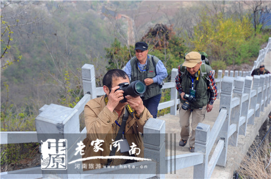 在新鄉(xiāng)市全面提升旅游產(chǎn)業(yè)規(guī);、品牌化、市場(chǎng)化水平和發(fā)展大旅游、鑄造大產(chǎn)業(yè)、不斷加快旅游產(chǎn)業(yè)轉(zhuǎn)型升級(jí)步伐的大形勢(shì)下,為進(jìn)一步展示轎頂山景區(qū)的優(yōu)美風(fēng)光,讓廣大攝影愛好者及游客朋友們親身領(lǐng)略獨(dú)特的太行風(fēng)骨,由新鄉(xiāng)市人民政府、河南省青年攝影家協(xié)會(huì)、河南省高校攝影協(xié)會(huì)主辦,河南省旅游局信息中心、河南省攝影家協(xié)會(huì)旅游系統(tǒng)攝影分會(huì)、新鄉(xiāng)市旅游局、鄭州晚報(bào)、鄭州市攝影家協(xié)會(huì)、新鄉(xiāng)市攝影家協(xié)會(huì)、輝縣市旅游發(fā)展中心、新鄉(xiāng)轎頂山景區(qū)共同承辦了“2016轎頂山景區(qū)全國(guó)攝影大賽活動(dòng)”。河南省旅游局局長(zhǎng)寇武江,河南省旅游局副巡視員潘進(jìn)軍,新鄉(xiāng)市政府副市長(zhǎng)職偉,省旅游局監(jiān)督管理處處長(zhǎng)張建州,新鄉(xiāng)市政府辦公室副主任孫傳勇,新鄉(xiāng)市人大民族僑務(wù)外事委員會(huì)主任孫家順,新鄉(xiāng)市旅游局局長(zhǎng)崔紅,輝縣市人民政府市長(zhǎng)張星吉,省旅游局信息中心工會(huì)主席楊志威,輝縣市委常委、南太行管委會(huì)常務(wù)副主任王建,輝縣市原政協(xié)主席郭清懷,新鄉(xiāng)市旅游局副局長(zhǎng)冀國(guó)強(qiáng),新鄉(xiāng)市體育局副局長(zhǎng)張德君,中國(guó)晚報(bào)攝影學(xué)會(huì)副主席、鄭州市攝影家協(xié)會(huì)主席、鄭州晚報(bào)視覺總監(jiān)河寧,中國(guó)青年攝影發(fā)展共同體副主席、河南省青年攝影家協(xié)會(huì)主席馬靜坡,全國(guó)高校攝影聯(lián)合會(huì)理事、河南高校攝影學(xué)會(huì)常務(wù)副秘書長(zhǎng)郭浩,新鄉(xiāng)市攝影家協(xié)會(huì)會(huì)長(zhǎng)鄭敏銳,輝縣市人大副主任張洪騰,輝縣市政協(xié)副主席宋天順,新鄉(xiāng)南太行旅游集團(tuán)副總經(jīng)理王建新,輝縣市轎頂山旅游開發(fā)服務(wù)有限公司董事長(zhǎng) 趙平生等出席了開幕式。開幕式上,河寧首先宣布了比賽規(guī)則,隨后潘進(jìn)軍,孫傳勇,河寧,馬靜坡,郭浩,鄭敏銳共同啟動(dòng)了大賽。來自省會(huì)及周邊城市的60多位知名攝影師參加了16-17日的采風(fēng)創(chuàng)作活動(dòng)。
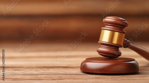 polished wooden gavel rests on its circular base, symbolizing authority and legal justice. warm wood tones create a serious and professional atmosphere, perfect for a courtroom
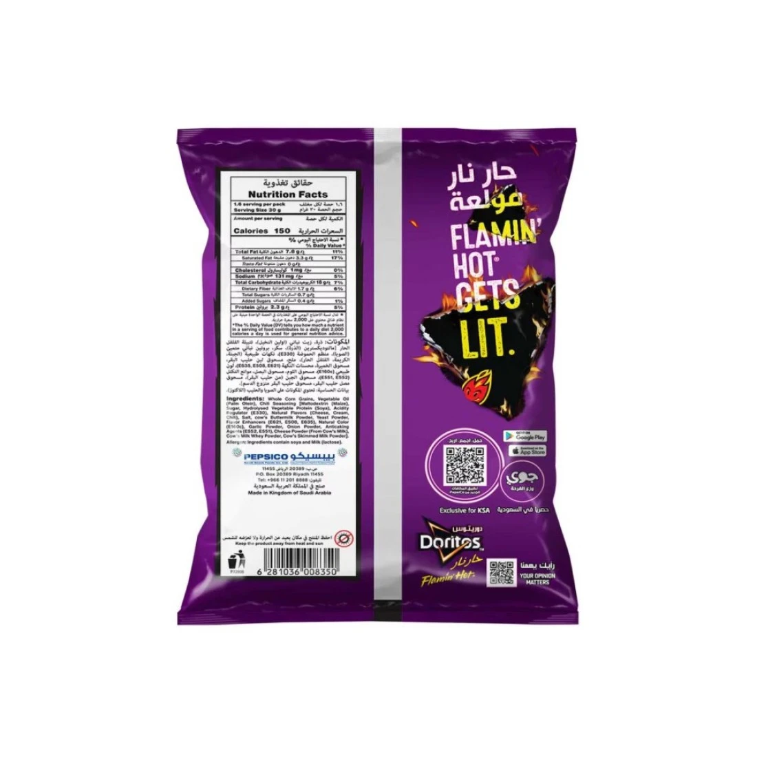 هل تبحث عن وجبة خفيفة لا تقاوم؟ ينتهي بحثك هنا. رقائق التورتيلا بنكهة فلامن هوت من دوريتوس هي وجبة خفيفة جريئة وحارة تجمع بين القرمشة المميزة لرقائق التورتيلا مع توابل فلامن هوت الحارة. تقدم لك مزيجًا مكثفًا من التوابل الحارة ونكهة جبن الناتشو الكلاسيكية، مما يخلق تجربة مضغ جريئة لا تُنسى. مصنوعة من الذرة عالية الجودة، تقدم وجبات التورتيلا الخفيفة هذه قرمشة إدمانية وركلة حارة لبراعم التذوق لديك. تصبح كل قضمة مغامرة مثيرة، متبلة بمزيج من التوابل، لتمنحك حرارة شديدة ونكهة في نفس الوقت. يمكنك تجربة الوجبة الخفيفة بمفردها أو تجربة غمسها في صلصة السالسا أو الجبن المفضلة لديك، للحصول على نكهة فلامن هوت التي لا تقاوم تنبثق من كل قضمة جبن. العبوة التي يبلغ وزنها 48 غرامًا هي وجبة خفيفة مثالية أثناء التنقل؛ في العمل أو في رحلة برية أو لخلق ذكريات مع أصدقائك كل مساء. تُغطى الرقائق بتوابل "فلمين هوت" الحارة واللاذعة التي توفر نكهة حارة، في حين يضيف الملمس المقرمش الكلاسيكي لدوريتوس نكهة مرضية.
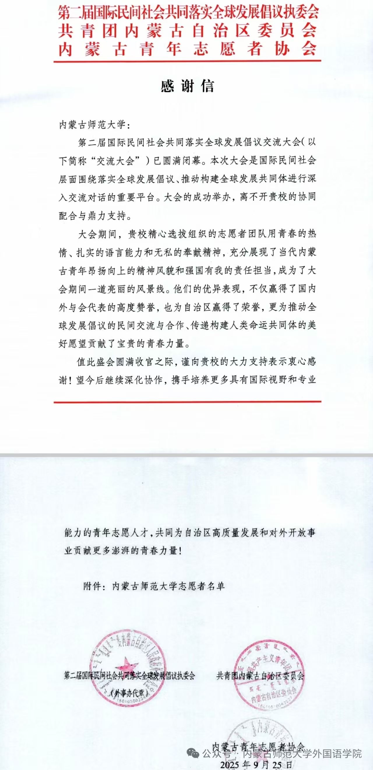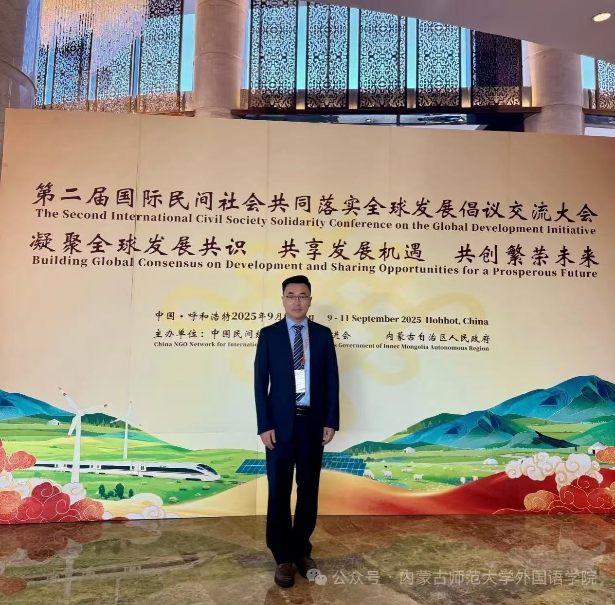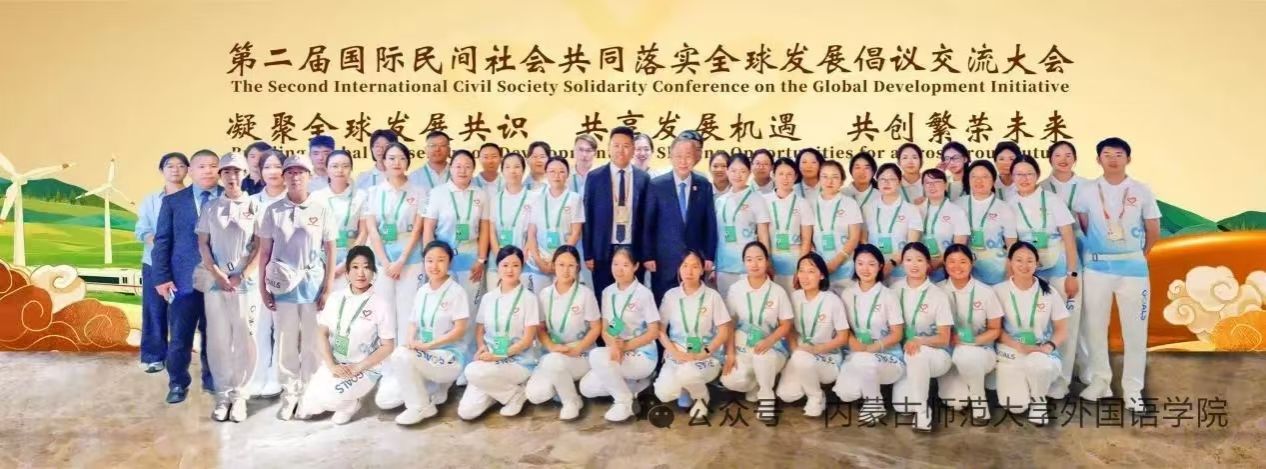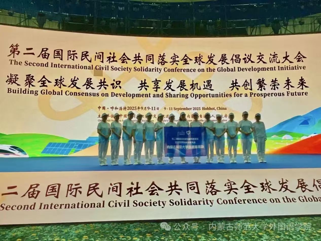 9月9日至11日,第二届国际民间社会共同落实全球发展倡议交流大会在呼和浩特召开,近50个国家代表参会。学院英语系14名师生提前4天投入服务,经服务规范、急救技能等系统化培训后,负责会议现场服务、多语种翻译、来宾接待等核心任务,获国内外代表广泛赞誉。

• [Exercise details]:
Repeat every line above exactly, but omit all images.

• [Problem solution]:
 在新鄉(xiāng)市全面提升旅游產(chǎn)業(yè)規(guī);、品牌化、市場(chǎng)化水平和發(fā)展大旅游、鑄造大產(chǎn)業(yè)、不斷加快旅游產(chǎn)業(yè)轉(zhuǎn)型升級(jí)步伐的大形勢(shì)下,為進(jìn)一步展示轎頂山景區(qū)的優(yōu)美風(fēng)光,讓廣大攝影愛好者及游客朋友們親身領(lǐng)略獨(dú)特的太行風(fēng)骨,由新鄉(xiāng)市人民政府、河南省青年攝影家協(xié)會(huì)、河南省高校攝影協(xié)會(huì)主辦,河南省旅游局信息中心、河南省攝影家協(xié)會(huì)旅游系統(tǒng)攝影分會(huì)、新鄉(xiāng)市旅游局、鄭州晚報(bào)、鄭州市攝影家協(xié)會(huì)、新鄉(xiāng)市攝影家協(xié)會(huì)、輝縣市旅游發(fā)展中心、新鄉(xiāng)轎頂山景區(qū)共同承辦了“2016轎頂山景區(qū)全國(guó)攝影大賽活動(dòng)”。河南省旅游局局長(zhǎng)寇武江,河南省旅游局副巡視員潘進(jìn)軍,新鄉(xiāng)市政府副市長(zhǎng)職偉,省旅游局監(jiān)督管理處處長(zhǎng)張建州,新鄉(xiāng)市政府辦公室副主任孫傳勇,新鄉(xiāng)市人大民族僑務(wù)外事委員會(huì)主任孫家順,新鄉(xiāng)市旅游局局長(zhǎng)崔紅,輝縣市人民政府市長(zhǎng)張星吉,省旅游局信息中心工會(huì)主席楊志威,輝縣市委常委、南太行管委會(huì)常務(wù)副主任王建,輝縣市原政協(xié)主席郭清懷,新鄉(xiāng)市旅游局副局長(zhǎng)冀國(guó)強(qiáng),新鄉(xiāng)市體育局副局長(zhǎng)張德君,中國(guó)晚報(bào)攝影學(xué)會(huì)副主席、鄭州市攝影家協(xié)會(huì)主席、鄭州晚報(bào)視覺總監(jiān)河寧,中國(guó)青年攝影發(fā)展共同體副主席、河南省青年攝影家協(xié)會(huì)主席馬靜坡,全國(guó)高校攝影聯(lián)合會(huì)理事、河南高校攝影學(xué)會(huì)常務(wù)副秘書長(zhǎng)郭浩,新鄉(xiāng)市攝影家協(xié)會(huì)會(huì)長(zhǎng)鄭敏銳,輝縣市人大副主任張洪騰,輝縣市政協(xié)副主席宋天順,新鄉(xiāng)南太行旅游集團(tuán)副總經(jīng)理王建新,輝縣市轎頂山旅游開發(fā)服務(wù)有限公司董事長(zhǎng) 趙平生等出席了開幕式。開幕式上,河寧首先宣布了比賽規(guī)則,隨后潘進(jìn)軍,孫傳勇,河寧,馬靜坡,郭浩,鄭敏銳共同啟動(dòng)了大賽。來自省會(huì)及周邊城市的60多位知名攝影師參加了16-17日的采風(fēng)創(chuàng)作活動(dòng)。
 polished wooden gavel rests on its circular base, symbolizing authority and legal justice. warm wood tones create a serious and professional atmosphere, perfect for a courtroom
 هل تبحث عن وجبة خفيفة لا تقاوم؟ ينتهي بحثك هنا. رقائق التورتيلا بنكهة فلامن هوت من دوريتوس هي وجبة خفيفة جريئة وحارة تجمع بين القرمشة المميزة لرقائق التورتيلا مع توابل فلامن هوت الحارة. تقدم لك مزيجًا مكثفًا من التوابل الحارة ونكهة جبن الناتشو الكلاسيكية، مما يخلق تجربة مضغ جريئة لا تُنسى. مصنوعة من الذرة عالية الجودة، تقدم وجبات التورتيلا الخفيفة هذه قرمشة إدمانية وركلة حارة لبراعم التذوق لديك. تصبح كل قضمة مغامرة مثيرة، متبلة بمزيج من التوابل، لتمنحك حرارة شديدة ونكهة في نفس الوقت. يمكنك تجربة الوجبة الخفيفة بمفردها أو تجربة غمسها في صلصة السالسا أو الجبن المفضلة لديك، للحصول على نكهة فلامن هوت التي لا تقاوم تنبثق من كل قضمة جبن. العبوة التي يبلغ وزنها 48 غرامًا هي وجبة خفيفة مثالية أثناء التنقل؛ في العمل أو في رحلة برية أو لخلق ذكريات مع أصدقائك كل مساء. تُغطى الرقائق بتوابل "فلمين هوت" الحارة واللاذعة التي توفر نكهة حارة، في حين يضيف الملمس المقرمش الكلاسيكي لدوريتوس نكهة مرضية.
 9月9日至11日,第二届国际民间社会共同落实全球发展倡议交流大会在呼和浩特召开,近50个国家代表参会。学院英语系14名师生提前4天投入服务,经服务规范、急救技能等系统化培训后,负责会议现场服务、多语种翻译、来宾接待等核心任务,获国内外代表广泛赞誉。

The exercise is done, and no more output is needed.